Figure 4. AAV2 Infection Requires Arf1 and Cdc42.

(A) AAV2-cherry transduction of HeLa and 293T cells expressing EGFP-tagged Arf1 dominant-negative (DN) and constitutively active (CA) mutants. Flow cytometry analysis was performed as described in Figure 1A. Insets represent the selected EGFP+/mCherry+ populations, and numbers indicate the percentage of mCherry+ cells among the EGFP+ population.

(B) AAV2-cherry transduction of HeLa and 293T cells expressing EGFP-tagged Cdc42 DN and CA mutants; analysis as described above.

(C) AAV2-luc transduction of 293T cells expressing dominant-negative Arf1 or Cdc42. Values are normalized to GFP vector-transfected controls.

(D) AAV2 binding and endocytosis in 293T cells transfected with dominant-negative Arf1 or Cdc42. Transfection efficiency was approximately 80% (not shown).

(E) Co-localization of Cdc42 with AAV2 or Ad5 in HeLa cells. Cells were transfected with EGFP-Cdc42WT, infected with AAV2-luc or Ad5-luc and stained for AAV2 or Ad5 capsids. Insets show higher magnification of boxed areas. Values indicate the percentage of virus (red) overlapping with Cdc42 (green). Bar, 20 μm.

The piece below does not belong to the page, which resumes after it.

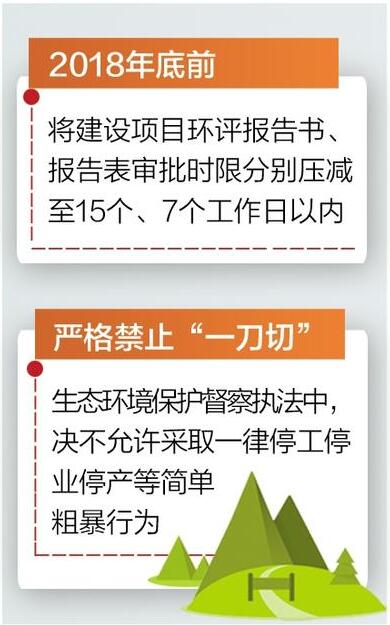 近日,河北省生態環境廳印發《深化生態環境領域“放管服”改革推進我省經濟高質量發展若干措施》(以下簡稱《措施》)提出,提高環評審批效率,2018年底前將建設項目環評報告書、報告表審批時限分別壓減至15個、7個工作日以內;嚴格禁止“一刀切”,生態環境保護督察執法中,決不允許采取一律停工停業停產等簡單粗暴行為。

(F) CtxB internalization (30 min) in HeLa cells treated with 100 μM EIPA, 80μM dynasore, or both. Surface-bound CtxB was removed by acid-stripping for intracellular fluorescence quantification.

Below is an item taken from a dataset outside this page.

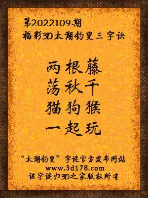 福彩第2022109期3d太湖字谜:两根藤,荡秋千,猫狗猴,一起玩

(G) Confocal micrographs of HeLa cells treated as above. Acid wash was omitted to show surface accumulation of CtxB in cells treated with dynasore and EIPA. Bar, 10 μM.

(H) Synergistic effect of EIPA and dynasore on AAV2-luc transduction (left panel) and internalization (right panel). Values are normalized to DMSO controls.

Error bars indicate SD, *p < 0.05, **p < 0.005.